Uptimer
Uptimer is a tool for measuring CF availability
during an arbitrary operation of interest.
It measures:
- app availability,
by making frequent http requests.
- logging availability,
by periodically fetching recent logs,
and by periodically initiating live log streaming.
- push availability,
by periodically pushing a very simple app.
- app syslog availability,
by periodically checking that app logs
drain to a syslog sink.
The CF Release Integration team uses it
to monitor availability during migrations
from cf-release
to cf-deployment
,
and during upgrade deployments.
Installation
go get github.com/cloudfoundry/uptimer
Usage
uptimer -configFile config.json [-resultFile result.json]
.
Uptimer needs configuration to run.
It reads a json
file
specified with the -configFile
flag.
The config describes how to target the CF you wish to measure,
and commands to run while measuring uptime.

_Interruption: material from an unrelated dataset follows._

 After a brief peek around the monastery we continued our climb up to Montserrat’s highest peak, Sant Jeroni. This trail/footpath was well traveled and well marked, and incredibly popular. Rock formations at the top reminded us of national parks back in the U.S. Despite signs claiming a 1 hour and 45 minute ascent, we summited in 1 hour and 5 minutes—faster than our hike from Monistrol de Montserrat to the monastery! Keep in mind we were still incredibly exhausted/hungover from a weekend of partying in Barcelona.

Uptimer can optionally be given a resultFile (`-resultFile) to which
resultant measurements will be written in json format.
Config
Here is an example config json
:
{
"while": [
{
"command": "bosh",
"command_args": ["deploy", "-d", "cf", "interpolated-cf-deployment.yml", "-n"]
},
{
"command": "bosh",
"command_args": ["delete-deployment", "-d", "cf", "-n"]
}
],
"cf": {
"api": "api.my-cf.com",
"app_domain": "my-cf.com",
"admin_user": "admin",
"admin_password": "PASS",
"tcp_domain": "tcp.my-cf.com",
"use_single_app_instance": false,
"available_port": 1025
},
"optional_tests": {
"run_app_syslog_availability": true
},
"allowed_failures": {
"app_pushability": 2,
"http_availability": 5,
"recent_logs": 2,
"streaming_logs": 2,
"app_syslog_availability": 2
}
}
While (required)
The while
section is an array of commands.
These are executed in order while the measurement is run.

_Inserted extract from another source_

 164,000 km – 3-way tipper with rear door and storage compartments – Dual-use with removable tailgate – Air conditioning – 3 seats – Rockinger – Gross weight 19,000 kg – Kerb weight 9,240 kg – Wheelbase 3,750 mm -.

When the last while command exits,
uptimer will conclude its measurements
and print a summary of results.
If a while
command exits with a non-zero exit code,
uptimer won't run subsequent while
commands.
It will conclude its measurements and report,
then exit with exit code 64.
A single-command while
array is fine,
and you can use sleep
to just run up-timer for some period:
"while": [{
"command": "sleep",
"command_args": ["600"]
}]
Cf (mostly required)
The cf
section contains information necessary
to perform the cf auth
and cf login
commands
on the target environment.
Uptimer requires an admin user
because it creates and configures an org and space
during test setup.
The tcp_domain
and available_port
values
are not required
unless you elect to run the app_syslog_availability
test.
Uptimer by default pushes two instances of an app
for its uptime measurements,
but it can be configured to push only a single instance
by setting the optional
use_single_app_instance
value to
true
under the cf
section.
Only set this flag to true
if you understand
the implications it has
for your uptime measurements.
Optional tests (optional)
The optional_tests
section is optional,
as are each entry in the section.
If these values are omitted,
they are assumed to be false.
For the run_app_syslog_availability
test,
TCP routing is required,
and you must specify
the tcp_domain
and available_port
values
in the Cf
section of the configuration.
Allowed Failures (optional)
The allowed_failures
section contains failure thresholds,
expressed as integers.
In the example above, the app_pushability
measurement
can fail at most two times before
the measurement is marked as failed.
This allows users to tolerate variance in downtime
to suit their needs.
If this config section is not specified,
the default threshold will be 0
for each measurement.
CI
If you wish to run uptimer in CI
during bosh deployments specifically,
the deploy tasks in cf-deployment-concourse-tasks
explicitly support this as an option.
If you wish to use it some other way,
said tasks may nonetheless be a useful example.